Abstract
Introduction: With conventional therapy, the median survival for patients following diagnosis of multiple myeloma (MM) is 31 months. Prior to 1985 2–4% of patients survived up to 10 years, subsequently this figure has improved to around 10%. We have analysed the United Kingdom Medical Research Council (MRC) trial records to identify the proportion, presentation features and outcome of patients who have survived greater than 7.5 years.

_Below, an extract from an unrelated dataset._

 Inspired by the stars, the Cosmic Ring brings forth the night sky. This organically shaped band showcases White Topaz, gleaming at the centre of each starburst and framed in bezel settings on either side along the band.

Methods: Patients selected were those randomised to conventional (melphalan and ABCM based) therapy who survived greater than 7.5 years; all of these patients had achieved a plateau phase. Their presenting clinical and laboratory features were compared to a group of patients (matched by trial and treatment) who also reached plateau but were the first of the cohort to die directly from MM. Time to response and absolute response was calculated. Clinical course and performance status were assessed from 3 month follow-up clinical data forms and central laboratory paraprotein analysis.

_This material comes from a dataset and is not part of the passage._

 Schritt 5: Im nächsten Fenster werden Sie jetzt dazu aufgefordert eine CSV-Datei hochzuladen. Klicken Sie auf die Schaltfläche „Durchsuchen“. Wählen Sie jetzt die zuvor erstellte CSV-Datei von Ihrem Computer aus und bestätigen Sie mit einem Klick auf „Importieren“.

Results: 239/2781 (8.5%) of eligible patients survived greater than 7.5 years. 170 patients had died (median and interquartile range (IQR) 9.5 years and 8.3–11.7 years) and 69 patients were still alive at the time of the analysis, median follow-up of 11.4 years (IQR 9.2–14.1 years). Compared to the matched short-lived control group, these long term survivors had lower β2-microglobulin, preserved albumin, lower marrow plasmacytosis, less renal impairment, better performance status, fewer fractures, less bone pain and fewer lytic lesions at presentation. There were no differences in age, lymphocytes, or depth of serological response, however, median time to reach plateau was delayed for the long term survivors {0.77 years (IQR 0.41–1.05) versus 0.42 years (0.26–0.73 for controls)}. 35 patients remain in first plateau with no progression, 28 patients died in first plateau most commonly of vascular disease (25%) or cancer (21%). 176 patients relapsed and 11 (6%) died of myeloma in first relapse, however the majority (140/176, 80%) achieved a second plateau and having relapsed a second time 53/114 (46%) achieved a third plateau. 43 of these 140 patients died in second plateau or beyond of a cause other than myeloma - (vascular 7/43 (16%), cancer 5/43 (12%), renal 5/43 (12%), infection 6/43 (14%), other 4/43 (9%). 30/239 patients (13%) died with no information on disease status or cause of death. Following second relapse 73/114 (64%) patients died directly as a result of myeloma. Time spent in performance status 1 and 2 was 96% for plateau 1, 83% for relapse 1 and 63% beyond relapse 2.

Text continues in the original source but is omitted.